The Chinese Communist Party label these treaties that forced China into surrendering land to foreign powers during its century of humiliation as unequal treaties and it is intensely ironic that one of the most unequal of all the treaties that was forced upon China during the century of humiliation came from their current closest partner the Russians.
This goes back to 1858, when the Qing dynasty was both waging a civil war that would claim the lives of tens of millions of people, and fighting the Second Opium War against the British and the French.
Sensing China’s weakness, the Russian empire seized the opportunity by lining up tens of thousands of troops on the border with Manchuria, then demanded that the Qing cede Outer Manchuria to Russia.
As RealLifeLore explains, not wanting to open up a third war with the Russians in the north, the Qing reluctantly relented and agreed under duress in a treaty in 1860 to surrender over this huge amount of land equivalent to the size of Ukraine without anyone firing a shot. What used to be known as Outer Manchuria would eventually become incredibly important to the Russians. It’s where they founded big cities like Khabarovsk, the largest city today in the entire Russian Far East and Vladivostok, the largest Russian port on the Pacific Ocean and the contemporary home base of the Russian Pacific fleet including their nuclear-armed submarines. Without Vladivostok, the Russian Navy and submarine nuclear deterrent would be largely incapable of operating anywhere in the Pacific, granting it an enormous strategic importance to Moscow. But at the same time, the 1860 treaty that surrendered all of this land to Russia under duress locked the Chinese out from being able to directly access the Sea of Japan, limiting them instead to just the East and South China seas.
Mao and Russia
Chinese nationalists never forgot what happened in Manchuria, including the founder of the People’s Republic himself, Mao Zedong.

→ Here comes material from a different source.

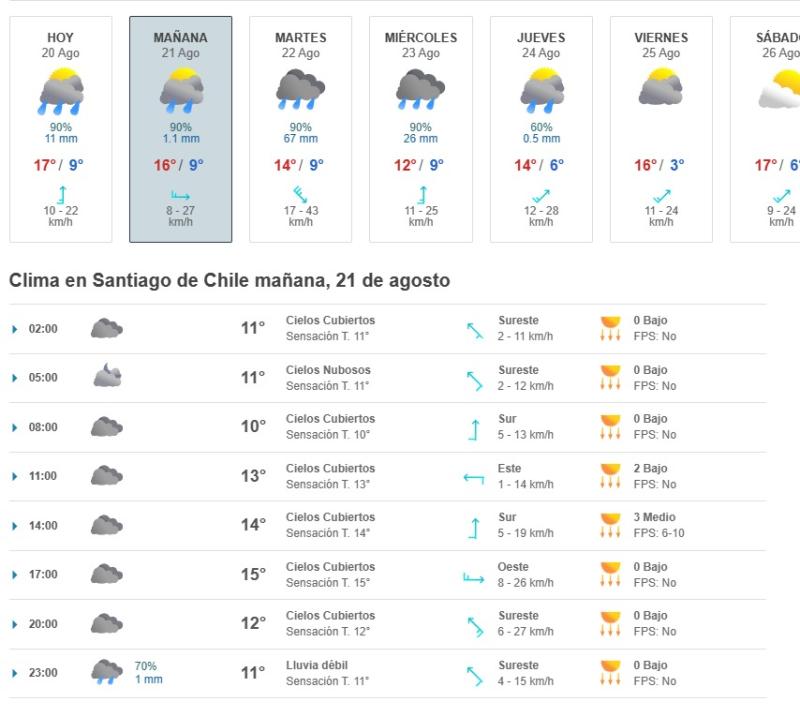 Al respecto, mucha gente se pregunta cuándo volverán las precipitaciones y el pronóstico del tiempo para este lunes 21 de agosto en Santiago.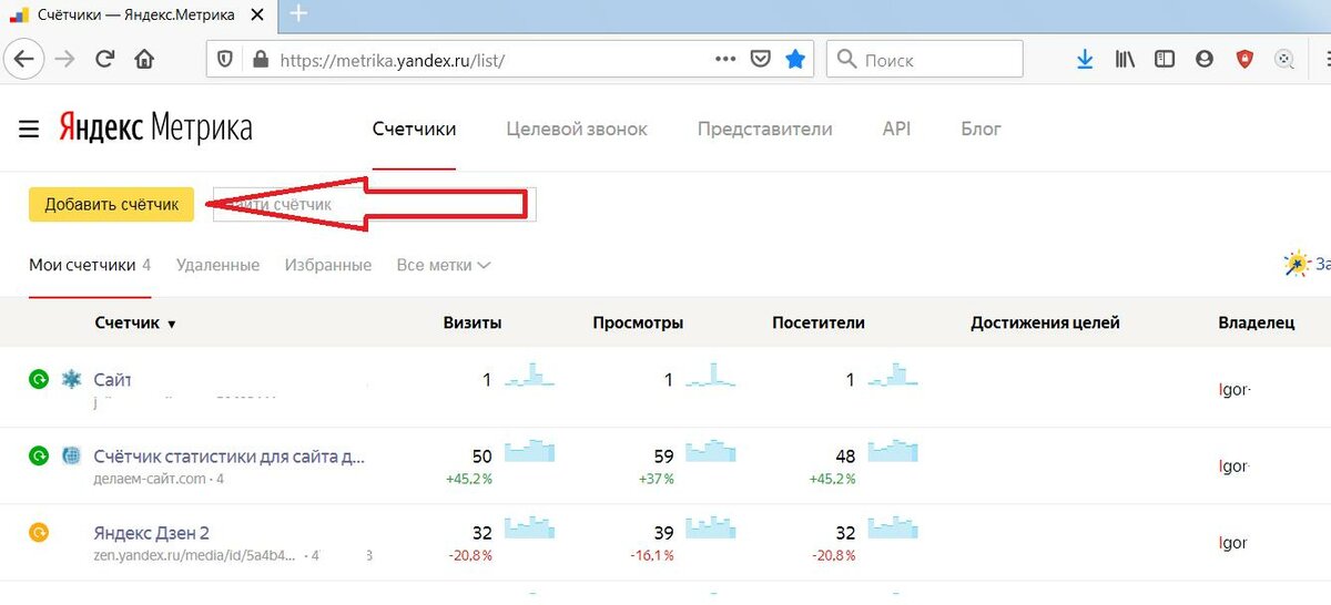 Чтобы установить Яндекс.Метрику, перейдите по ссылке metrika.yandex.ru. Нажмите кнопку добавления счетчика:

In 1964, Mao commented to a delegation from the Japanese Socialist Party that the Russians had unilaterally absorbed Outer Manchuria and that the issue had never been resolved, sparking outrage in Moscow.
Four years later, the Soviet Union invaded Czechoslovakia and at the same time published the Brezhnev Doctrine insisting that the USSR reserved the right to topple any other communist government that was straying too far from the global communist movement as Moscow defined it.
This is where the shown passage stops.